In neighboring Belgium, the death toll rose to 24, while 21,00 people were without electricity in one region.

 

Belgian Prime Minister Alexandre de Croo went Saturday to inspect the area, which suffered "unprecedented" losses as a result of the floods. He is expected to be joined by European Commission President Ursula von der Leyen as he inspects river valleys in eastern Belgium near the border with Germany.

 

Heavy rains also fell on Luxembourg and the Netherlands, inundating many areas and forcing the authorities to evacuate thousands of people in the Dutch city of Maastricht.

 

Luxembourg Prime Minister Xavier Bettel has pledged an initial aid package of 50 million euros ($59 million) to be given immediately to people who have suffered losses in the floods.

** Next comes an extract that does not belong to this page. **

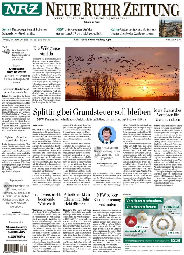 Ergänzt wird das inhaltliche Angebot durch das aktuelle Fernsehprogramm, Familienanzeigen und den Marktplatz mit Kleinanzeigen. Für Kinder gibt es eine eigene Seite, die mit dem Namen "Knuts Klartext" betitelt ist. Die erste Ausgabe der Tageszeitung, die zur Funke Mediengruppe gehört, erschien am 13. Juli 1946. Die gedruckte Ausgabe und das ePaper der NRZ sind inhaltlich und von ihrer Aufmachung her identisch - die digitale Tageszeitung liefert Ihnen die gewohnte Qualität der Print-Ausgabe.

For his part, the Dutch Prime Minister said that this bad weather is "without a doubt" the consequences of climate change, while the value of national donations to the stricken province of Limburg exceeded one million euros on Saturday.

 

In response to a question on Friday evening during a visit to Limburg about the impact of global warming, Mark Rutte said that "this is undoubtedly the case."

 

"I don't want to make any hasty statements, but something is already happening, so let's be clear," he added.